[Stored entries]
==========

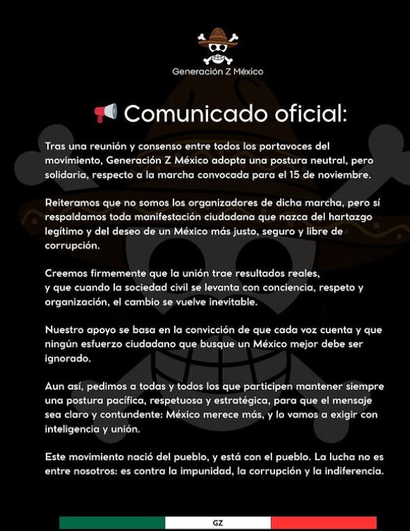 Aunque el nombre “Generación Z México” aparece vinculado a la convocatoria, el colectivo aclaró que no organiza la marcha, aunque respalda cualquier manifestación ciudadana derivada del hartazgo social. “Nuestra lucha no es contra otros; es contra la impunidad, la corrupción y la indiferencia”, señalaron en un comunicado oficial.
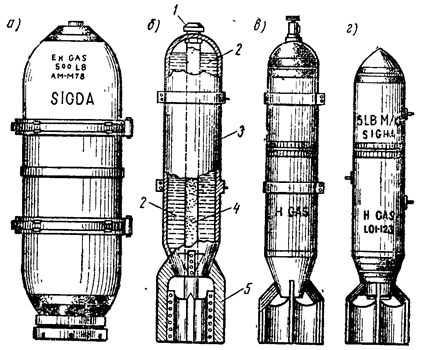а) бомба, снаряженная стойкими 0В; б. в. г) бомбы, снаряженные нестойкими OB; 1—взрыватель: 2— отравляющее вещество; 3 —корпус; 4— взрывчатое вещество; 5— стабилизатор
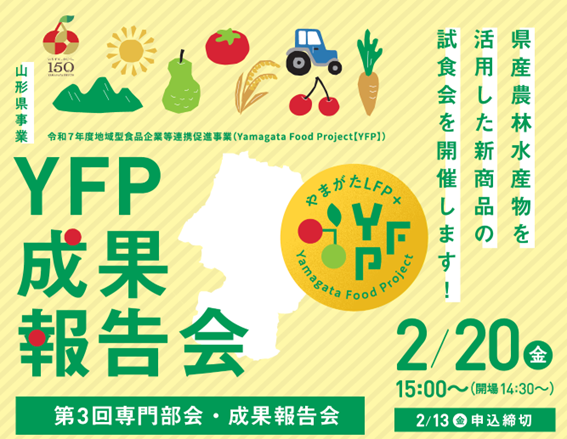 流通経済研究所(東京都千代田区:理事長 加藤 弘貴)はこの度、2月20日(金)にYFP(やまがた フード・プロジェクト)の成果報告会・第3回専門部会を開催いたします。本成果報告会は、「令和7年度山形県地域型食品企業等連携促進事業」の一環で実施しております。
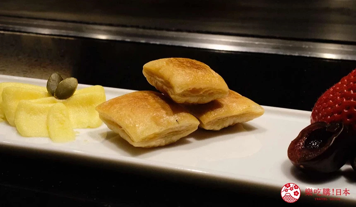 感动完食神户牛之后,可以享用当令食材制作的季节炊饭,或加价880日圆升级蒜香炒饭,确保大家都有吃饱。最后附上迷你甜点,记者试吃时提供的是自行组装的一口苹果派,DIY 组装派皮、卡士达酱和苹果变成一口苹果派的过程简单但有趣,成功为整份套餐优雅收尾,画上完美句点。
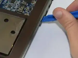 Используйте пластиковый инструмент для вскрытия и вставьте его между верхней и нижней частями корпуса

==========

> WORK TASK
Beginning at the line that contains "感动完食神户牛之后,可以享用" and ending at the last line of the data, return each line exactly; no picture belongs in the copy.

> ANSWER TO THE EXERCISE
 感动完食神户牛之后,可以享用当令食材制作的季节炊饭,或加价880日圆升级蒜香炒饭,确保大家都有吃饱。最后附上迷你甜点,记者试吃时提供的是自行组装的一口苹果派,DIY 组装派皮、卡士达酱和苹果变成一口苹果派的过程简单但有趣,成功为整份套餐优雅收尾,画上完美句点。
 Используйте пластиковый инструмент для вскрытия и вставьте его между верхней и нижней частями корпуса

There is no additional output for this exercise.